A especialista explica que aquele conceito, muito visto até na ficção, dos 5 estágios do luto (negação, raiva, negociação, depressão e aceitação), já está ultrapassado. Agora, se fala sobre o período de luto como uma montanha-russa de estágios, mas sempre em dois aspectos fundamentais: orientado para a perda e orientado para a reestruturação.

"Nossa vida é muito cíclica. São duas fases e dentro delas existe raiva, negação, todos esses elementos", ela explica. "A gente pode estar bem hoje, mas amanhã é aniversário da pessoa que se foi, e fica triste. Depois, pode ganhar um prêmio, e ficar feliz. É como uma montanha-russa".

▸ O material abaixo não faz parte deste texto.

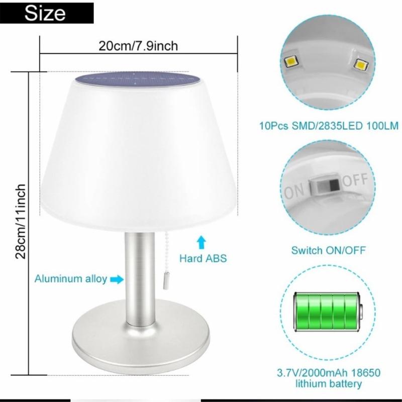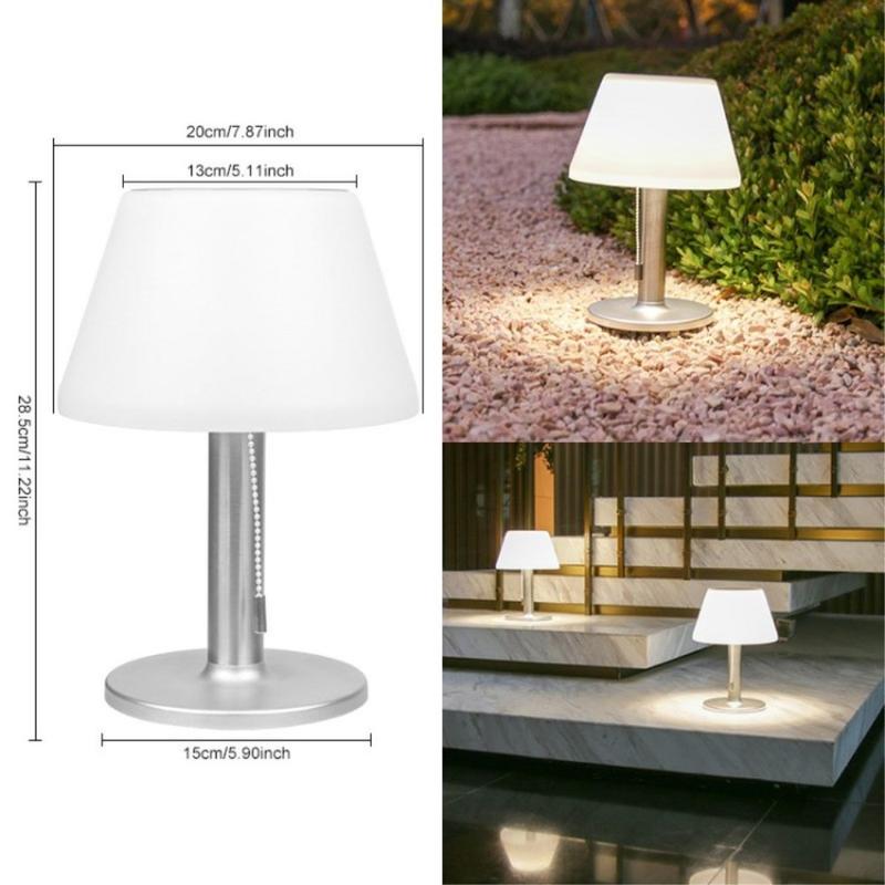 Njut av mysig, bländfri belysning inomhus eller utomhus med denna soldrivna bordslampa. Tio ögonvänliga lysdioder sitter inuti en ram i borstat rostfritt stål och en frostad kupa, medan en integrerad polykristallin panel laddar litiumbatteriet på 1200 mAh under dagen. När skymningen faller tänds lampan automatiskt och har två ljusstyrkelägen (mjuk eller stark) för upp till 8 timmars behaglig belysning eller 4 timmars fokuserad läsning - inga kablar, inga elräkningar, bara bärbart ljus där du behöver det.

Dentro disso, os comportamentos podem ter significados diferentes. A pessoa enlutada pode manter todos os pertences do ente querido como maneira de ficar preso ao sofrimento, orientado para a perda, ou como maneira de manter memórias felizes, orientada para a reestruturação. "Por isso não existe regra universal. Depende de porque a pessoa está mantendo aquilo".

Outra dúvida frequente é em relação às crianças. Raissa explica que é importante falar abertamente com a criança, não tentar esconder ou reprimir os sentimentos. "Mais tarde, conta sempre vem. A criança pode desenvolver até fobias por um período de luto mal resolvido".

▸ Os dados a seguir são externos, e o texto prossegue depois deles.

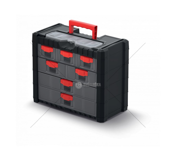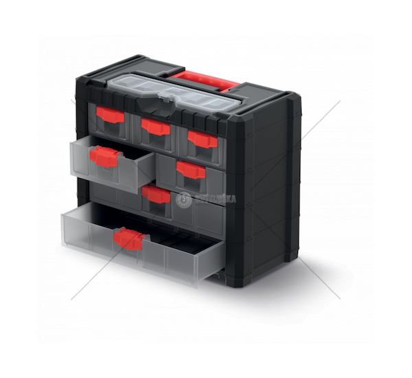 - Model Multicase Cargo KMC401 má 3 malé, 2 střední, 2 velké zásuvky a praktický organizér na menší předměty.

Na saída da palestra, um sepultamento tomava início do lado de fora. Os familiares e amigos seguiam, juntos, para se despedir de um mais ente querido que se foi. Mais uma lição sobre como a morte é inevitável e está presente no nosso cotidiano. Por isso, deve ser encarada de maneira natural.

"A vida não é o contrário da morte", diz a estudante de psicologia, Sâmia. "A morte na verdade é um complemento, faz parte da vida", analisa.